Israel, Jordan leaders confer after ISIS murder of pilot
Netanyahu extended his condolences to King Abdullah II by telephone
Israel's Prime Minister Benjamin Netanyahu spoke Thursday by telephone to King Abdullah II, the premier's office said, apparently their first contact since Jordan announced its ambassador was returning to Tel Aviv.
“Prime Minister Netanyahu extended his condolences to the King and to the Jordanian people” over the murder of a Jordanian air force pilot by the Islamic State group, a statement said.
Netanyahu “noted the importance of the Jordanian ambassador's return to Israel and of the joint commitment to maintaining the status quo at the holy sites” in east Jerusalem, it said.
On Monday, Amman announced that its envoy would return to his post in Tel Aviv three months after being recalled over “violations” at Jerusalem's Al-Aqsa mosque.

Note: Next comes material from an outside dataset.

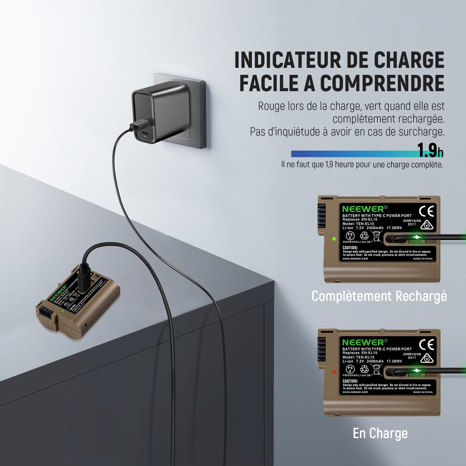 - 【Port USB-C intégré】 Dites adieu aux chargeurs de batterie dédiés. Avec un port de charge USB de type C intégré, cette batterie EN-EL15C de 2400mAh (7,2V 17,28Wh) peut recevoir directement l'énergie des adaptateurs de courant et des chargeurs portables via un câble USB de type C inclus

Jordan recalled Walid Obeidat on November 5 after police clashed with stone-throwing Palestinians inside the flashpoint Al-Aqsa compound, with Foreign Minister Nasser Judeh describing Israeli actions as “violations” and “way beyond the limits”.
Jordan said the decision to return Obeidat to Israel comes after the government “felt that the situation (at Al-Aqsa) is in the right direction”.
Obeidat's recall had put enormous pressure on already frosty ties between Israel and the only Arab country apart from Egypt to have signed a peace treaty with the Jewish state.
Tensions soared to new heights when in early November Israeli police entered several metres (yards) inside Al-Aqsa mosque during clashes triggered by a vow by Jewish far-right groups to visit the holy site.
The compound, holy to both Muslims and Jews, is one of the most sensitive spots in the Middle East.
Jordan, where almost half the population of seven million is of Palestinian origin, has historical custodianship over the flashpoint site and other Muslim holy sites in Jerusalem.